Opposition parties are hitting out at the Government's proposals on the sale of some state assets.

Fianna Fáil has again insisted that the decision is solely the coalition's policy as the previous Government did not sign up to such a move.

Sinn Féin has meanwhile accused Fine Gael and Labour of "flogging off the State's wealth for a quick buck".

Party president Gerry Adams said he believes the move will result in job losses and increased prices for consumers.

"Instead of flogging off the State's wealth for a quick buck, the Government should make commercial state companies part and parcel of the solution" he said in the Dáil.

Deputy Adams said it was a "myth" to say that privatisation and deregulation bring competitiveness and efficiencies in State bodies.

"It will mean job losses, increased prices for the consumers and big profits for private speculators," he added.

Sinn Féin Public Expenditure and Reform spokesperson Mary Lou McDonald meanwhile described the state asset disposal announcement as a "bad deal" for citizens and the State’s economic future.

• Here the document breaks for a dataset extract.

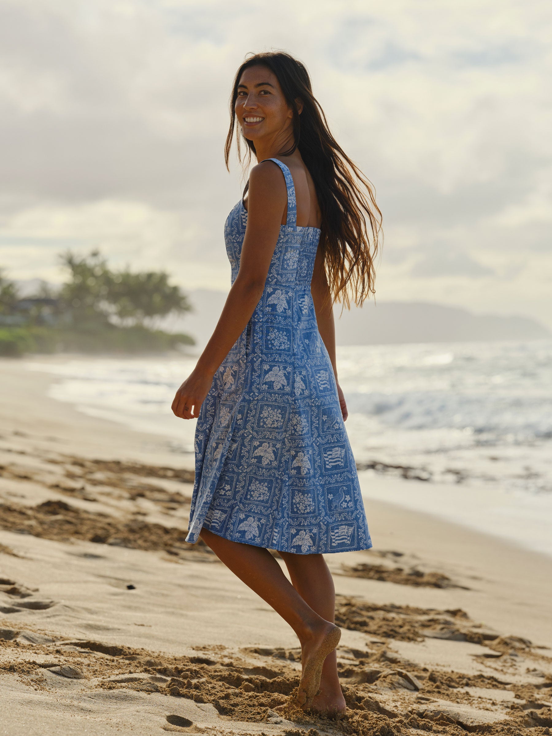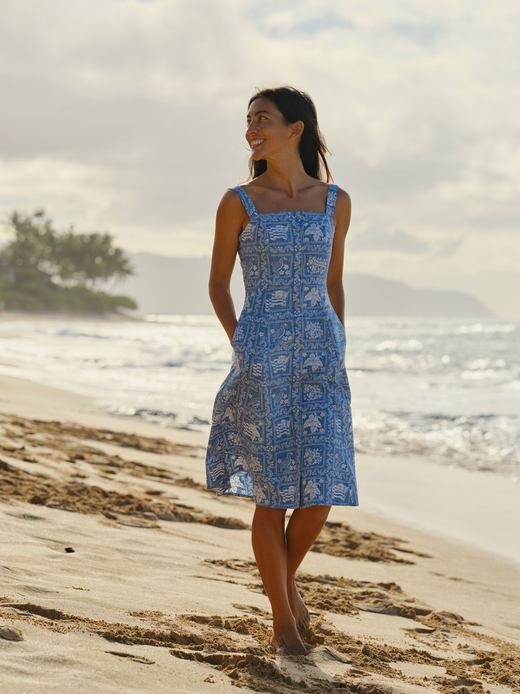 Our women's Lahaina Sailor Riley Dress features a fitted bodice with smocking across the back for ease of wear. With button front closure, A-line skirt shape, and inseam pockets, this classic dress is perfect for any occasion.

“Selling off parts of successful self-financing commercial State companies is a bad policy decision made by Fine Gael and Labour, despite their best efforts to lay the blame for their decision at the door of the Troika," Deputy McDonald said.

"If this Government was serious about job creation and reinvestment in the economy it would not be paying out tens of billions of citizens hard earned cash to unguaranteed Anglo bondholders."

Meanwhile Socialist Party TD and Aer Lingus employee Clare Daly said the privatisation of state assets will come at the cost of jobs and democratic control over vital services and infrastructure.

"A key feature of the crash in Ireland has been a catastrophic collapse in private sector investment," Deputy Daly said.

"Rather than trying to sell off valuable state assets to this same private sector we need instead to be enhancing the role of the state in job creation through both emergency necessary public works and an expansion of state enterprises.

"As a class working people should have democratic control over key aspects of economic life in this country," she added.